Without a backward glance Ken raced on down the street toward the dwindling sound of battle. The invaders were retreating, streaming from all directions toward the break in the barrier, firing steadily as they came. The defenders were trying to block the escape.

Ken dropped behind a barricade next to an older man he didn’t know. He searched for an opening and waited for a rider to cross his sights; then he squeezed the trigger and the man fell. When he looked up again the last of the invaders were gone. Only half of those who had come up to the attack were leaving it.

The men around Ken slowly relaxed their terrible tension. From some lying prone there were cries of pain. Those who could stand did so and revealed their drawn faces to one another.

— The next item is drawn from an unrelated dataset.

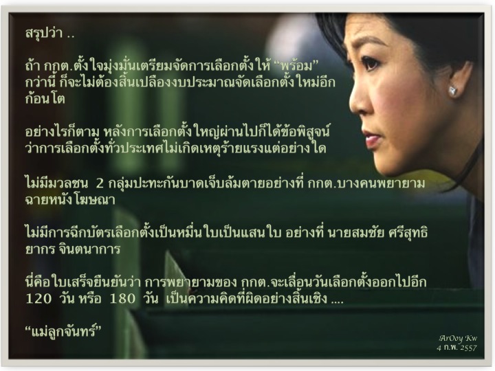 ยืนยันว่า การพยายามของ กกต.จะเลื่อนวันเลือกตั้งออกไปอีก 120 วัน หรือ 180 วัน เป็นความคิดที่ผิดอย่างสิ้นเชิง ..

Teams of the medical group began moving again. A horse-drawn wagon was brought up that had been fitted with boards across the sides so that two layers of wounded men could be carried at once.

Ken heard sudden hoofbeats behind and turned. Sheriff Johnson rode up and surveyed the scene. His eye caught Ken’s figure standing in the midst of it, rifle in hand, the captured ammunition belt draped over his shoulder.

“You!” White anger was on Johnson’s face. “You were ordered to stay out of the frontline!” he thundered. “Any other man would be court-martialed for such disobedience. Get back where you belong and don’t show your face in this area again. I’ll jail you for the rest of the fighting if you disobey again!”

Half-ashamed, but half only, for his impulsive action, Ken turned and moved down the street.

“Leave that gun here!” the Sheriff commanded harshly.

Ken gave it to the nearest soldier. He took off the ammunition belt and handed it over too, then resumed his course. He should not have done it, he told himself, but he felt better for it. He felt he had paid a little of his debt to Mr. Harris.